Observations on Chinese Business News Network

On March 31, the Chinese Business News Network reported that NASA and its partners are collaborating on the development of a new, long-term space station to be located near the Moon. This space station will serve as a “way station” for missions to the Moon and Mars.


According to NASA, the space station, named “Lunar Gateway,” is scheduled to transport its first module into space as early as 2025, with full operations expected to commence in 2028 or later. Similar to the International Space Station, this project is a collaboration between space agencies from the United States, Europe, Japan, Canada, the United Arab Emirates, among others, with an estimated cost totaling several billion US dollars.

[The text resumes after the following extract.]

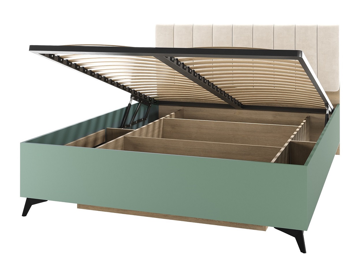 Кровать 1400 «ЕВА» с подъёмным механизмом и мягким изголовьем, обшитым качественным велюром UNIQ. Оснащается ортопедическим основанием, имеющим подъёмный механизм, обеспечивающий лёгкий доступ и удобное хранение большого количества спальных принадлежностей и вещей. Габариты спального места: 2000 х 1400 мм. Чёрные металлические ножки-опоры.

Unlike the International Space Station, which operates in low Earth orbit, the “Lunar Gateway” will be positioned in a Near-Rectilinear Halo Orbit between Earth and the Moon, swinging back and forth between them, coming as close as 2000 miles to the lunar surface.


Bill Nelson, the Administrator of NASA, announced the UAE’s participation in the program in January of this year, stating, “Through the Artemis program, we are ushering in a new era of exploration, and peaceful international cooperation in space exploration is making this era even stronger. The UAE’s provision of extravehicular activity equipment will enable astronauts to conduct groundbreaking scientific missions in deep space and prepare for human missions to Mars.”

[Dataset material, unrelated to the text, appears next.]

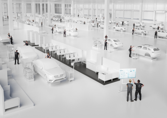Dabei sind Maschinen und Anlagen miteinander vernetzt. Ausgewählte Montageanlagen und die Fördertechnik werden Internet of Things-fähig. Die Basis dafür bildet ein leistungsfähiges WLAN- und Mobilfunknetz. Erstmals soll in Pilotanwendungen der Einsatz der leistungsstarken 5G-Mobilfunktechnologie in der Montage getestet werden. Die Montagehalle wird komplett papierlos gestaltet. Die Mitarbeiter arbeiten mit Monitoren und Personal Digital Assistants (PDA). Zur Belieferung der Montagestationen werden flächendeckend Warenkörbe eingesetzt, die in einer sogenannten Pickzone mit Hilfe von intelligenten Picksystemen mit den benötigten Materialien bestückt werden. Insgesamt sind 300 Fahrerlose Transportsysteme im Einsatz. „Entstehende Daten werden gesammelt und mittels ‚Big Data‘ -Technologie ausgewertet. Die Erkenntnisse fließen direkt wieder zurück in die Produktion. Wir können damit bestehende Prozesse verbessern und zum Beispiel per ‚Predictive Maintenance‘ Anlagenstörungen vermeiden. Damit erhöhen wir unsere Betriebsnutzungszeiten und verbessern den Reifegrad von Anfang an“, betont Schäfer.

NASA has indicated that the “Lunar Gateway” will serve as a staging point for astronaut activities, future missions, and spacewalks. The first two modules of the space station are currently being constructed by Maxar and Northrop Grumman and will be launched into space using SpaceX’s Falcon Heavy rocket from the Kennedy Space Center in Florida.

During the “Artemis IV” mission, four astronauts will be sent to the lunar space station to activate its computer systems. Subsequently, two astronauts will depart the space station for a six-day mission on the lunar surface, while the other two astronauts will stay on the space station to carry out research and continue equipment assembly work.

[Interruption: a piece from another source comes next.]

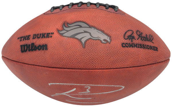 This is an Official NFL Leather Denver Broncos Logo Football that has been hand signed by Russell Wilson. This item has been certified authentic by Fanatics and comes with their tamper-proof sticker.

After the mission is completed, all astronauts will rendezvous at the “Lunar Gateway” before returning to Earth aboard the Orion spacecraft.

Global space agencies plan to decommission the International Space Station around 2030 after operating it for several decades. NASA has stated that the extreme temperatures, pressures, and other environmental factors in space make it unsustainable for the space station to operate indefinitely. NASA is currently planning to construct a retired thruster to safely deorbit the International Space Station. The thruster will allow the space station to maneuver before re-entering Earth, guiding it to a remote, uninhabited ocean area, minimizing any potential threat to humanity.